AlphaFold 3 – Translator of Protein Dialogues
Let's start with a living legend. The breakthrough of AlphaFold 2 several years ago, which solved the half-century-old protein folding problem, was a classic example of an AI-Lab Assistant at work. It took an amino acid sequence and predicted a static 3D structure with incredible accuracy. It was brilliant, but it was just a snapshot of the tool. What if we need to understand how this tool works in conjunction with others?
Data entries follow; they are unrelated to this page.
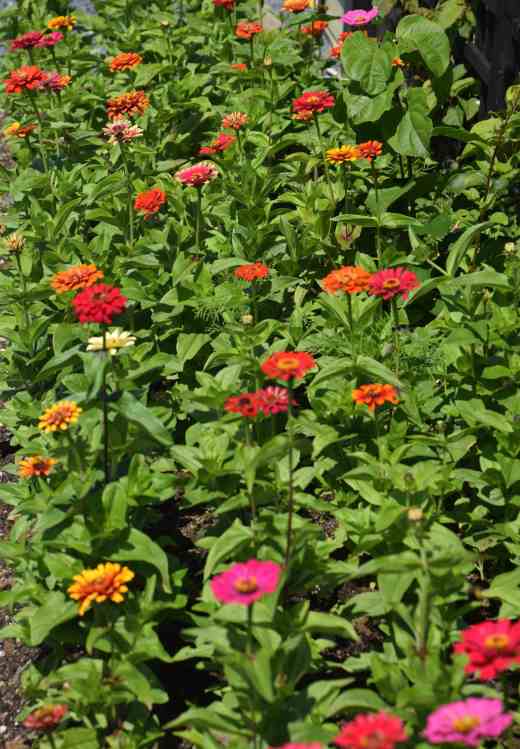 The zinnias needed frequent water after planting out in the dry, hot conditions of June but July has suited them better and they are growing fast and strongly, as I would expect. And many are blooming. In fact a lot more have flowered and I have been cutting them to sell on the flower stall (for charity) and they sell immediately with their candy colours.
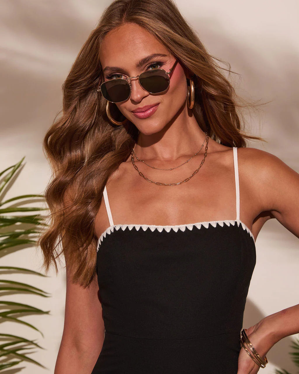 The Cailene Contrast Trim Mini Dress is where cool-girl ease meets standout style. Made from breezy linen...
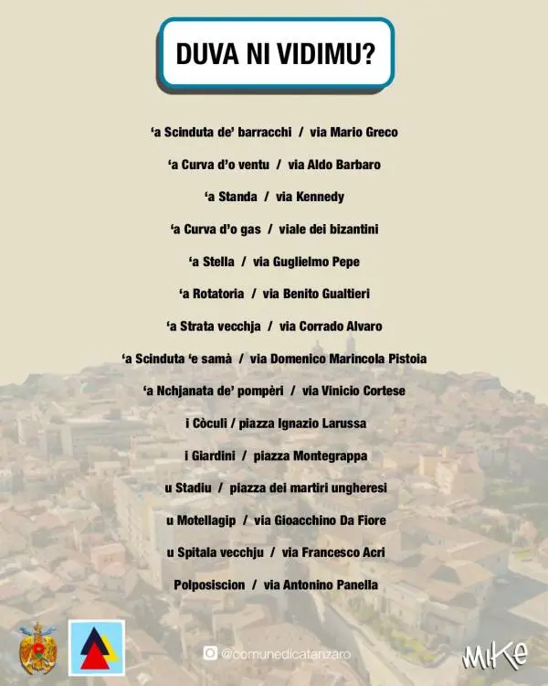 "Duva ni vidimu " non è solo un gioco di parole: è un progetto che va oltre l'arte, diventando un atto di recupero della storia più e meno recente della città. Il progetto, curato dall'artista Michele Crispino, in arte Mike, e curato dall’attore e regista Enzo Colacino, è il frutto una grande passione per le tradizioni del nostro popolo. Le targhe, che sostituiscono i tradizionali nomi delle vie con la denominazione dialettale usata dai catanzaresi, sono un chiaro richiamo alla bellezza della nostra lingua, ancora viva e presente nei racconti di generazione in generazione.

This is where AlphaFold 3 comes into play, and it's no longer just a lab assistant, but a full-fledged AI-Expert. Its key superpower is "Speaking the language of nature," but now it has mastered not just the alphabet, but the grammar and syntax of protein interactions. The breakthrough of AlphaFold 3 is not in predicting the protein shape even more accurately, but in predicting its "social behavior": which other molecules—DNA, RNA, small molecule ligands (the basis of future drugs)—it will bind to and exactly how. This is the Holy Grail for drug development. It's a shift from a static 3D photograph to a "dance hall" simulator, where AI predicts who will invite whom to dance and how. And it does so with astonishing accuracy: compared to existing methods, the accuracy gain for interactions with other molecules is at least 50%.
Behind this leap is a fundamental architectural shift. Unlike its predecessor, AlphaFold 3 does not use the Evoformer module. Instead, it is built on a new architecture that includes a Pairformer
module for processing pairwise representations and, most importantly, a diffusion model for generating the final 3D structure. The key insight here is that the new approach allowed reducing the dependence on multiple sequence alignments (MSA), which became the very key that opened up the possibility of modeling complex complexes. Although, of course, this model also has its blind spots—for example, difficulties in modeling disordered protein regions.
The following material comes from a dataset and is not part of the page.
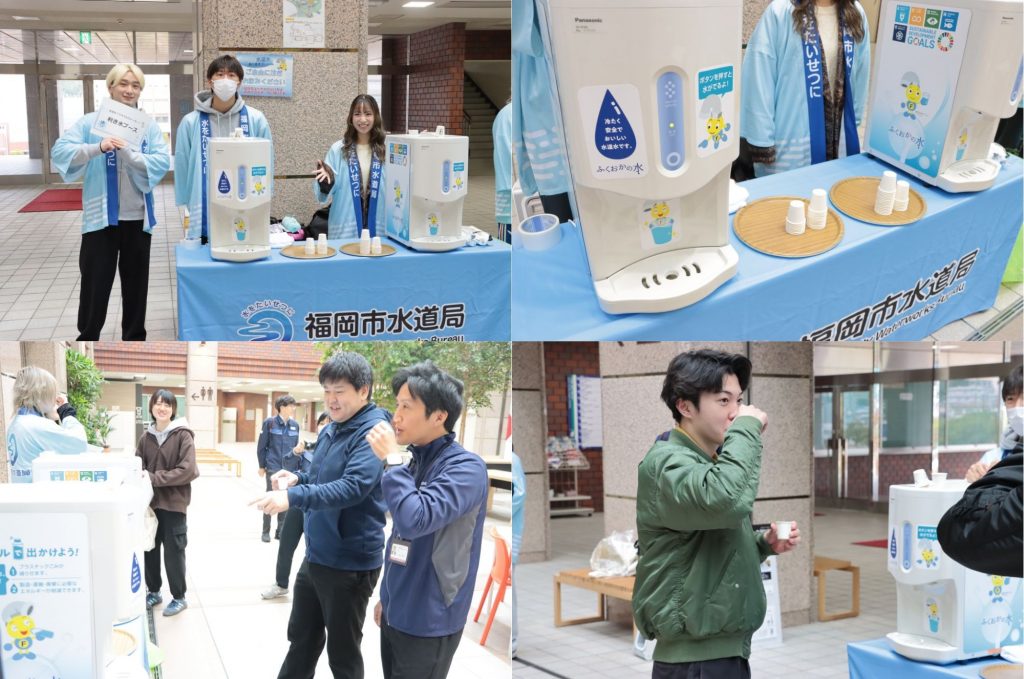 11月18日(火)、学内で、地域共創学部地域づくり学科行平真也准教授が担当する学科横断科目「特別講座B」の受講学生が、福岡市水道局との連携企画「水道局カフェ」を実施しました。

Evo – Reader of Genomic Epics
If protein interactions are dialogues, then the genome is a multi-volume epic. And here we face a problem of a different scale. Standard LLMs, built on the Transformer architecture, work perfectly with texts a few thousand words long. But genomic sequences can reach millions of "letters." For the classic attention mechanism, whose complexity grows quadratically with text length, this is like trying to read "War and Peace" while only remembering the last sentence. The model simply "suffocates."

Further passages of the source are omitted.